Layer 2: PostToolUse masking. A hook script (scripts/guardrails/output_secret_filter.sh) runs after every Bash tool call. It reads the tool output, scans for the same secret patterns, and replaces matches with [REDACTED:LABEL] before the output reaches the conversation context. If a model runs cat .env, it sees masked values, not real keys. The hook logs masked events to logs/secret_filter.log for audit, but never logs the actual secret values.

Layer 3: Transcript scrubbing. The session cleanup script (maintenance/session_cleanup.py) runs a final scrub when archiving old transcripts. Any secrets that slipped through layers 1 and 2 get replaced with redaction markers. This is the backstop. It handles the gap between "we added scanning" and "scanning existed when the transcript was written."

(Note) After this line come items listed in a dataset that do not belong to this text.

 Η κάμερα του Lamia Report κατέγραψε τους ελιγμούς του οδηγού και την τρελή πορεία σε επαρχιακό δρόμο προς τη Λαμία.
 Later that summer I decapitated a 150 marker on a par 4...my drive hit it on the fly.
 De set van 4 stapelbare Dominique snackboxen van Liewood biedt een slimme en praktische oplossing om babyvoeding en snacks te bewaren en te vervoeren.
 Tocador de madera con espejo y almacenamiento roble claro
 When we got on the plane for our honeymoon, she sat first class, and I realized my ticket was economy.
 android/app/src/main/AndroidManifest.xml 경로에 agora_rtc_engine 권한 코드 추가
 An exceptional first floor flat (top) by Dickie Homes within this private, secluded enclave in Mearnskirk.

Each layer catches what the previous one missed. The pre-commit scan stops secrets from entering git. The PostToolUse hook stops them from entering conversation context. The transcript scrub cleans up historical leaks. No single layer is sufficient because secrets enter the system through different paths at different times.

Deny list¶

The repo-level .claude/settings.json carries a permission deny list. It blocks commands that are destructive, history-rewriting, or common vectors for accidental damage.

Blocked categories:

Destructive deletion: rm -rf /, rm -rf ~, rm -rf ., git clean -fd
History rewriting: git push --force and --force-with-lease to main or master, git reset --hard origin/*
Shell eval patterns: eval, bash -c, sh -c, /bin/bash -c, /bin/sh -c
Pipe-to-shell installs: curl ... | sh, wget ... | bash
Permission escalation: chmod 777
Dotfile writes: redirects to ~/.ssh/, ~/.zshrc, ~/.bashrc, ~/.zprofile, ~/.openclaw/.env

The deny list does not block reads. It does not block normal git operations, Python execution, or file editing inside the workspace. The goal is to prevent irreversible mistakes, not to create friction for normal work.

Critical path protection¶

Pre-commit guardrails enforce acknowledgement gates on files where a bad edit has outsized consequences.

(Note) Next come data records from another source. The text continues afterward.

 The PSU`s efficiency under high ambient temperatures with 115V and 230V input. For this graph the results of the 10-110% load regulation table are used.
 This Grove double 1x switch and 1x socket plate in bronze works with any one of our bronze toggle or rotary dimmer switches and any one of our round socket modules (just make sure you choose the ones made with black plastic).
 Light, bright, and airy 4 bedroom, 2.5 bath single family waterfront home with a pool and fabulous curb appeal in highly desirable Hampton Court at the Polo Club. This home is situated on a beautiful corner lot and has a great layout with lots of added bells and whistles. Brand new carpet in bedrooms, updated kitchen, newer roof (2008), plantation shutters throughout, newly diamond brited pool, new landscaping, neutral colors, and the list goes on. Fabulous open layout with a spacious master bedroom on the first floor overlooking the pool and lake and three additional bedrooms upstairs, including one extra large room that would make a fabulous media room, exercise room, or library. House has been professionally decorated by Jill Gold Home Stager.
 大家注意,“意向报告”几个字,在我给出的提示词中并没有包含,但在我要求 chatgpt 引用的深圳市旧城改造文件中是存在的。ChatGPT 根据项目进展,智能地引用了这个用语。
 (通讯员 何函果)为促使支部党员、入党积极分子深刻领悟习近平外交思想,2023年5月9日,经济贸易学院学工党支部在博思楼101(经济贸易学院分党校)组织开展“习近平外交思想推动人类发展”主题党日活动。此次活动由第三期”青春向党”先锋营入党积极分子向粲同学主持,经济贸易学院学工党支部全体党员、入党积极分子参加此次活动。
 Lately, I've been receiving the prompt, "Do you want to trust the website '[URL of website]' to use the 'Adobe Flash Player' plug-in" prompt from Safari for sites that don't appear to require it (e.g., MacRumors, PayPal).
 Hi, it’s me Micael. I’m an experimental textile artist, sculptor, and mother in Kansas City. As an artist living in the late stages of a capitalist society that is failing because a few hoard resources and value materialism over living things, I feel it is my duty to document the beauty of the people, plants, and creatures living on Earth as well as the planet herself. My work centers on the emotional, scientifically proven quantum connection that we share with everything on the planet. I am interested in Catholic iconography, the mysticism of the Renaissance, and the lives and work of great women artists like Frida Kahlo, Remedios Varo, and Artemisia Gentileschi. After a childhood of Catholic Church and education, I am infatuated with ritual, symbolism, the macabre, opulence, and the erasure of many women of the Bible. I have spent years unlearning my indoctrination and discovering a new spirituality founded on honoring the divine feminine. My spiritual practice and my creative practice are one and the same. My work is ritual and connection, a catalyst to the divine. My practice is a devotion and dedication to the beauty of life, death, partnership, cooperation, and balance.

Three categories of protected paths exist:

Live trading execution. symbol_monitor.py, position_monitor.py, and the shell scripts that launch them. These run in cron during market hours. A syntax error here means missed trades or orphaned positions. These were the original protected paths.
Configuration and hooks. Crontab files, .claude/settings.json, .githooks/pre-commit, and guardrail scripts. A bad edit to the deny list could silently remove protection. A broken pre-commit hook could disable secret scanning.
Cron wrappers. The shell scripts that launch screeners, monitors, and maintenance jobs. These are the glue between crontab and Python. If one silently fails, a production monitor stops running and nobody notices until the next health check.

All three categories require the environment variable OPENCLAW_ACK_LIVE_TRADING=1 to commit. That variable is not set by default. The developer must explicitly acknowledge the risk.

A fourth category — protected path warnings — covers scripts/guardrails/, .claude/, and .githooks/ directories. Changes here print a warning but do not block the commit. The warning exists so that a reviewer scanning the commit output does not miss a guardrail change buried in a large diff.

Stop hook¶

The Stop hook (scripts/guardrails/pipeline_stop.sh) runs when a Claude Code session ends. It checks the git working tree for uncommitted changes and prints reminders if pipeline gates were likely skipped.

If Python files changed but no py_compile evidence exists in the session, it reminds to verify. If production paths changed, it reminds to review the diff. If guardrail or settings files changed, it flags the security implication.

The hook is advisory. It prints reminders and exits cleanly. It never blocks session exit. The value is catching the case where a developer says "I'll commit later" and forgets that the changed code was never verified.

Fail-open design¶

The audit system fails open on infrastructure bugs. If the hook crashes, it logs the traceback to a separate file and returns a non-blocking code unless it was a deliberate deny. Claude Code continues the tool call. That tradeoff is deliberate. A broken audit hook should not kill a session in the middle of production work. The system prefers stable operation with an error log over a dead session with perfect intentions.